Here is his data, comparing savings in selected countries, actually the most advanced, industrialized countries in the world (the table is in Chapter 5 - this is a screenshot):
Look at Italy. Just 3% of business earnings are re-invested - and compare that to what happens in other countries: the UK (62%); Japan (53%); the US, Canada and Australia (40% each). Both Germany and France aren't doing so well (23 and 19% respectively), but they're still much better than Italy.
Yet, on the face of it, Italy's rate of savings is a healthy 15%. Therefore, if Italian businessmen believed in themselves and in their industry, Italy should be doing very well - in fact, it should be one of the advanced countries ahead of everybody else.

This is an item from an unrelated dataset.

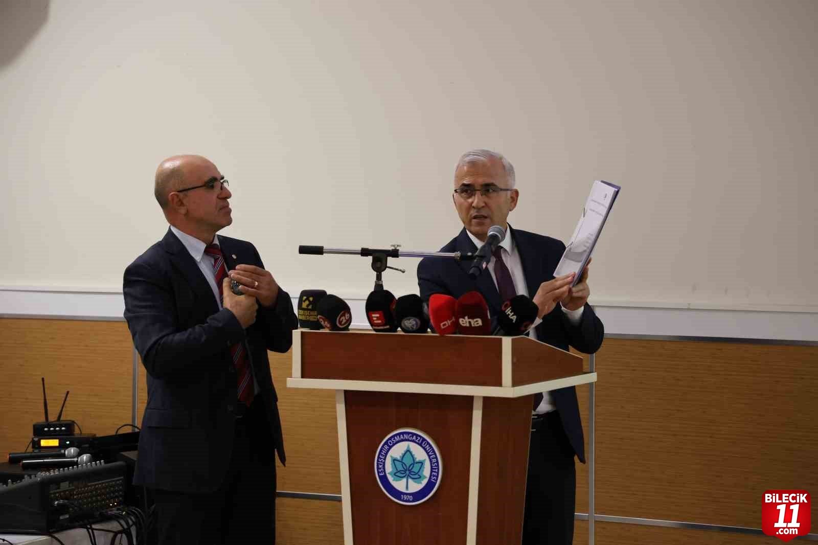 ESOGÜ Tıp Fakültesi Hastanesi’nin hizmetlerini anlatarak konuşmasına başlayan ESOGÜ Rektörü Prof. Dr. Kamil Çolak, “Üniversitemiz, yaklaşık 2 milyon 800 bin metrekarelik alana sahip bir üniversite. 8 ayrı yerleşkede eğitim öğretim faaliyetlerimize devam ediyoruz. Sarıcakaya, Çifteler, Mahmudiye gibi ilçelerimizde de yüksekokullarımız bulunuyor. Eskişehir Osmangazi Üniversitesi olarak, 13 tane fakültesi, 6 meslek yüksekokulu, 4 enstitüsü, 1 yüksekokulu ve 40 ayrı merkeziyle öğrencilerimize, şehrimize katkıda bulunmaya çalışıyoruz. Diğer taraftan çok tabii büyük bir üniversiteyiz, 30 binden fazla öğrencimiz var. Bunun yanında yaklaşık 4 bin idari personel ve bin 700’e yakın akademik personeliyle yani 5 bin 700 civarında akademik personeliyle çok büyük bir camiayız. Eskişehir Osman Gazi Üniversitesi Hastanesi de bildiğiniz gibi sadece Eskişehir’de değil bölgede çok önemli bir hastane. Bilecik, Kütahya, Afyonkarahisar dahil olmak üzere çevredeki illere de hizmet veriyoruz. Oralarda hastalarımız hastanemize geliyorlar. Hatta zaman zaman İstanbul’dan, Ankara’dan hastalarımız üniversitemiz hastanesinden hizmet alıyorlar. Bu bağlamda bir bölge hastanesi konumunda bulunmaktayız. Yıllık yaklaşık 1 milyon 200 bin civarında poliklinik hizmeti veriliyor hastanemizde. Yine yıllık 50 binden fazla hastaya servis hizmeti sunuluyor. Yıllık yaklaşık 25 bin civarında ameliyat yapılan bin yataklı çok büyük bir hastaneye sahibiz” dedi.

Italians are parcimonious, they save more than anyone else - the next best saver is Japan (14.6%) and then the figure drops to around 12% for Germany and Canada, with France and Australia much lower and the US the lowest of all (7.7%).
But if you take into account public deficits - the way the State squanders money and gets into debt - then Italian private sector savings get eaten into:
You see what happened? The Italian State's savings is in fact a deficit: -6.5%. The biggest hole of the lot: while none of the advanced countries are doing well - the only exception is Japan (in the positive range, with a meagre 0.1%) - none comes looking as bad as Italy. As a result, if you consider national savings as a whole, adding the public sector to the private, you see that the lead Italy has in terms of savings has disappeared: Italy stands at 8.5%, well behind Japan (14.6%) or Germany (10.2%) - yet well ahead of the US (5.2% - but that's another story for another blog post).

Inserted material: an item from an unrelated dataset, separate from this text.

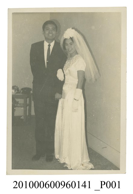 1.本文物為結婚照片,頭披白紗著白裙女子挽著著西裝男子站立合影之照片,照片中男子身穿西裝,梳油頭,打扮非常正式;女子頭披白紗,身穿白裙,右手挽著男子,2人露齒微笑面向鏡頭拍照。為物件編號2010.006.0096「屏東女中林德泉老師之家庭相簿」內的相片;物件編號2010.006.0096.0018、0079、0141應屬於一系列照片,照片人物相同。2.照片人物據鄭冠榮老師、王德明老師、陳萬足女士之訪談,推測為屏東女中體育老師林德泉老師的大女兒林純珠結婚照。

A word of warning. These are very aggregate numbers - a little like the tip of the iceberg - and there's only so much you can deduce from all this (setting aside some minor incongruencies: for example, the US private savings is shown as 7.7% of National Income in table 5.2 and 7.6% in table 5.4). And we're looking at averages over a huge time span, from 1970 to 2010, some forty years.
|Matteo Renzi, Italian Prime Minister (source)|
Italian businessmen, of course, are quick to marshall arguments to defend themselves. They will tell you they do this because of (1) a corrupt political class incapable of reform and with no state management competence; (2) a ridiculous, wasteful state bureaucracy that drowns in red tape; (3) a rigid labor market that makes Italian workers both costly and uncompetitive on a world scale; and (4) a vile Mafia conditioning the market - factors that taken together makes it impossible to run a profit-making business in Italy.
And naturally, they're right. If something is not done to correct these four areas - reforming Italian politics, modernizing the state bureaucracy, upgrading the labor market so it can compete on a global scale, reigning in the power of the Mafia - Italy won't get out of the doldrums.
Renzi, please take note. Personally, I believe he knows this. The question is: does the rest of the Italian political class realize what is at stake? I doubt it. Your views? I would love to hear from my Italian friends what they think...
And here's a video shown by the Italian Ministry of Foreign Affairs at the on-going Davos meeting. It tells you a lot about Italy that I bet you'd forgotten (though you probably knew it):
Mmmm, yes. There are big Italian corporations, like Luxottica or Ferrero, that do make a difference on a global scale. But many (like Prada) are not really "made in Italy" - the stuff is often made abroad, in China and elsewhere, where labor costs are low. The fact remains that Italy is the birthplace of a certain kind of creativity. But for how long if everyone escapes from Italy?